■ **What is being asked**
Below this line are records; write out exactly the lines from the one containing "這是11月1日在以色列南部城" through the one containing "The next example", with the pictures left out.

■ **Extracted material**
● ● ●

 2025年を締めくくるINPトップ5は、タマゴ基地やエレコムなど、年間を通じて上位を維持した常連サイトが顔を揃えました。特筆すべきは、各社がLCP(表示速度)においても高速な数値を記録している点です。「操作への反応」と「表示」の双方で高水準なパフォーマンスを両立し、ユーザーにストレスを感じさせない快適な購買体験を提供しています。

● ● ●

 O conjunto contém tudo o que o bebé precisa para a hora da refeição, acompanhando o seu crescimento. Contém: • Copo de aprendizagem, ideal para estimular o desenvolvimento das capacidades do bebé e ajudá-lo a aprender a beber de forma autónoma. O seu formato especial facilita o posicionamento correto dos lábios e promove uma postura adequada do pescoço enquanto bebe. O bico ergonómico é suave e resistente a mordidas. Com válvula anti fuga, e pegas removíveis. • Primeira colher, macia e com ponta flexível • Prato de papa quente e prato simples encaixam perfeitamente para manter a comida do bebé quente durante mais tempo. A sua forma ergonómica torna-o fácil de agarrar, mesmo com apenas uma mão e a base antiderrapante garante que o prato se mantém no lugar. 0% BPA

● ● ●

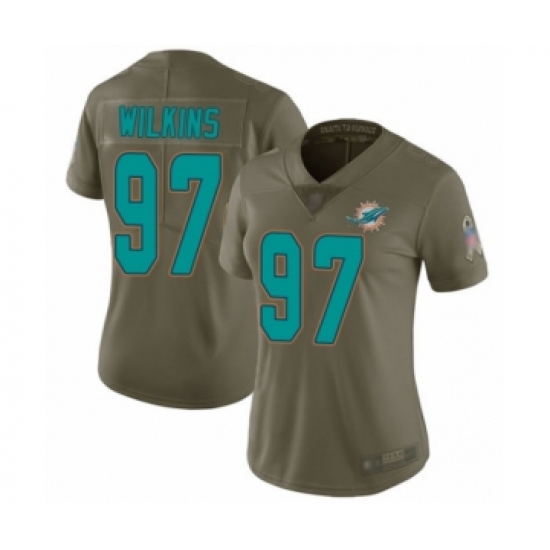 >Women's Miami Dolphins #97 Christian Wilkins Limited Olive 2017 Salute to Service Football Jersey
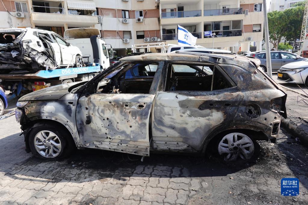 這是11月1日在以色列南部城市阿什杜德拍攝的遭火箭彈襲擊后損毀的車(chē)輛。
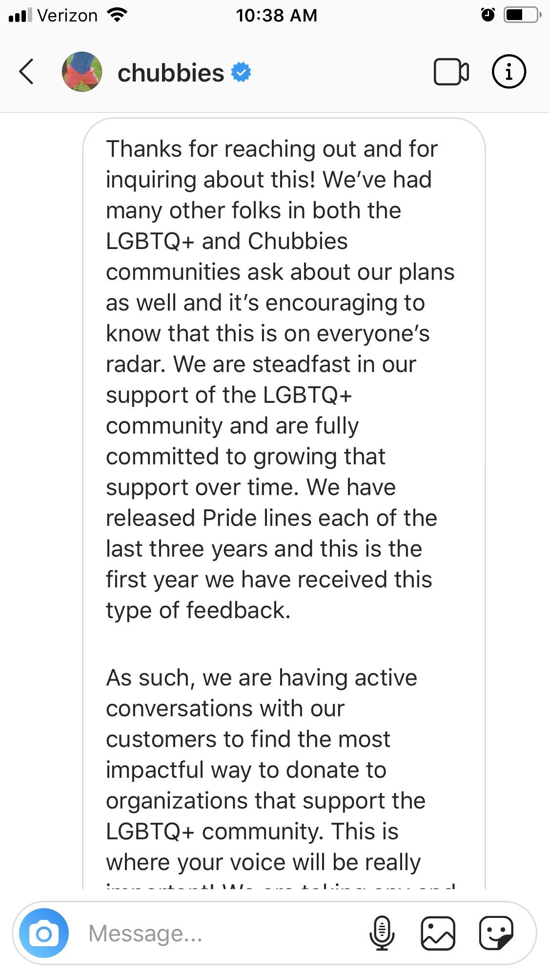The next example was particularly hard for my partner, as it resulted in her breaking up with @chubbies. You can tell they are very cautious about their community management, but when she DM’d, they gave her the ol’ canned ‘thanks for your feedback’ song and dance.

● ● ●

■ **Completed task**
 這是11月1日在以色列南部城市阿什杜德拍攝的遭火箭彈襲擊后損毀的車(chē)輛。
The next example was particularly hard for my partner, as it resulted in her breaking up with @chubbies. You can tell they are very cautious about their community management, but when she DM’d, they gave her the ol’ canned ‘thanks for your feedback’ song and dance.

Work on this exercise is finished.